The delegation visiting Ambassador Kriščiūnas was headed by Rabbi Osher Kalmanowitz, Rosh Yeshiva of the Mirrer Yeshiva in Brooklyn, Rabbi Malkiel Kotler, Rosh Yeshiva of Beth Medrash Govoha in Lakewood, and Rabbi Yakov Ber Teitelbaum who represented his father, the Grand Rabbi of Satmar, who heads a following of several hundred thousand adherents.
Rabbi Kotler and Kalmanowitz are both descendants of Lithuanian Jewish families and the Ambassador was impressed to learn that their respective Yeshivos are among the leading Torah centers whose educational philosophy follows the Lithuanian tradition. Both, Rabbi Kotler and Kalmanowitz, have travelled twice to Vilnius to meet with government officials in an effort to protect the cemetery’s integrity.

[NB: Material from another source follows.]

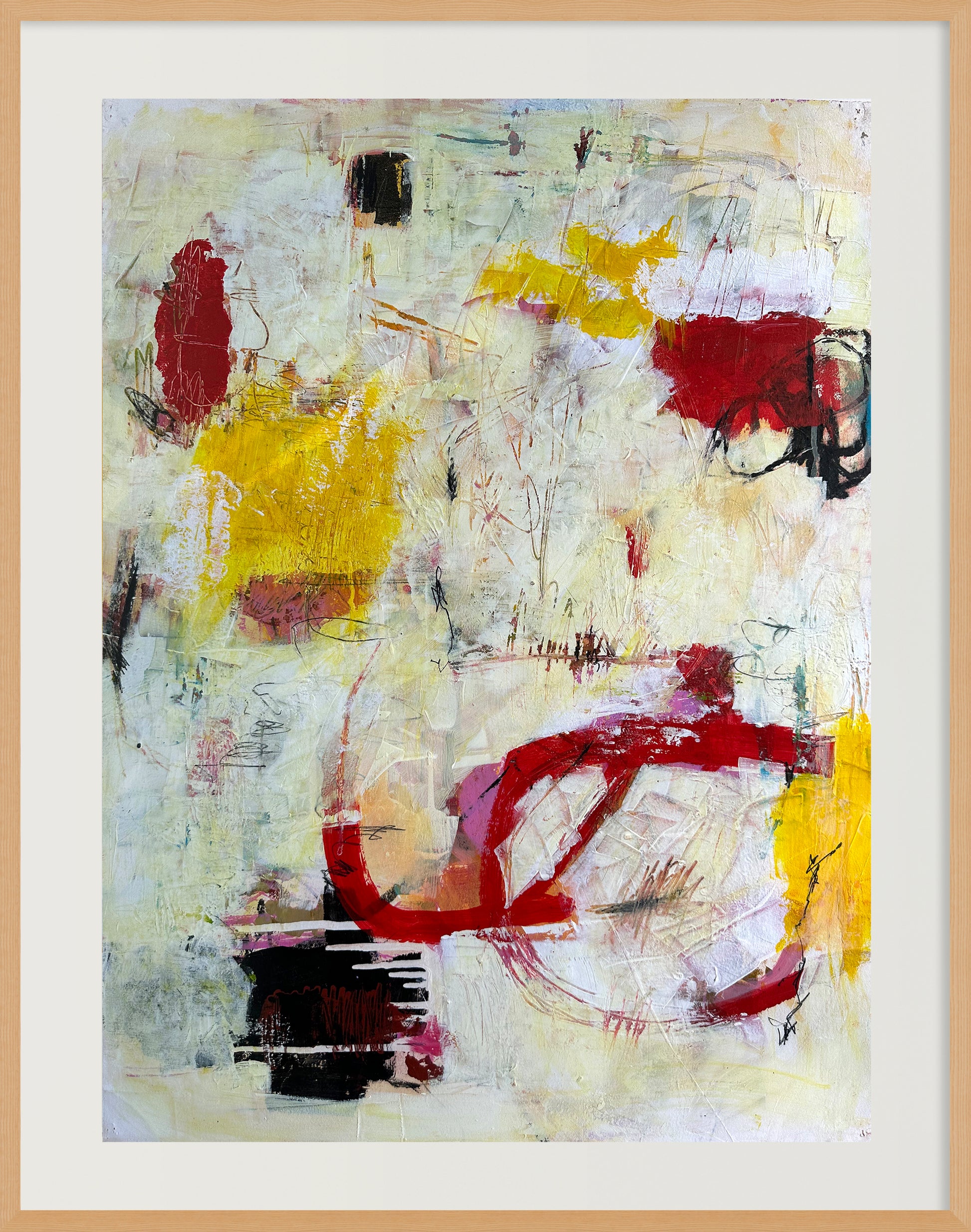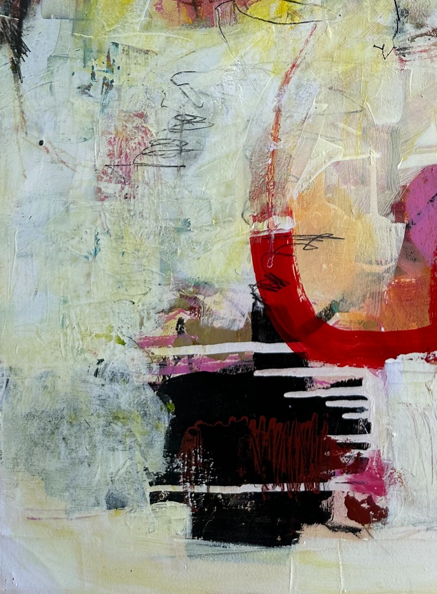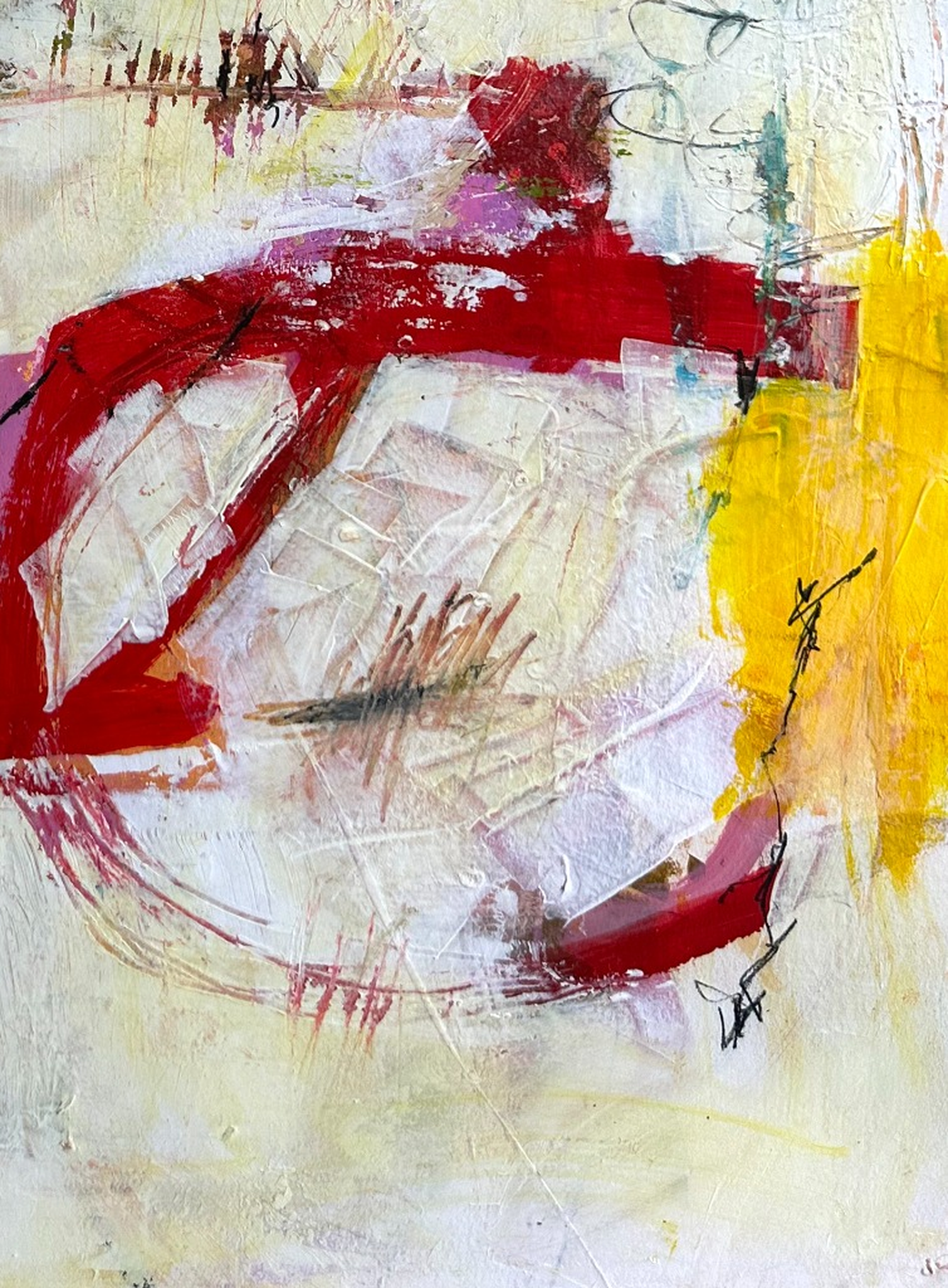 Christiane Corcelle is a French-American mixed media artist based in Massachusetts. Her intuitive, layered practice spans painting, printmaking, collage, and de-collage, building richly textured surfaces that invite close exploration. Guided by curiosity and openness to process, she transforms color, shape, and found materials into works that are both dynamic and contemplative.

Also present were Rabbi David Niederman, president of the United Jewish Organizations of Williamsburg and North Brooklyn, who organized the meeting, and Rabbi Pinchos Hecht, Executive Director of the Mirrer Yeshiva.
The meeting coincided with press reports that the Lithuanian government recently cancelled the solicitation for bids for the Congress Hall project, due to irregularities in the process. This, combined with a change in government, raised hopes for a more favorable outcome.
In its plea, the group spoke of the sanctity of the site, and called for its protection by a Lithuanian government acting in accordance with the norms of an enlightened democratic government.
Rabbi Niederman, summarizing the outcome of the meeting, said that: “Ambassador Kriščiūnas and his staff showed an interest in the concerns that were shared.”
“The reception was certainly different than prior meetings, and we were encouraged to hear that the government is currently reviewing its options. The Rabbis expressed the readiness of worldwide Jewry to restore the cemetery and beautify it, as is appropriate for such a historic site, which is a testament to the Jewish-Lithuanian joint heritage,” Rabbi Niederman concluded.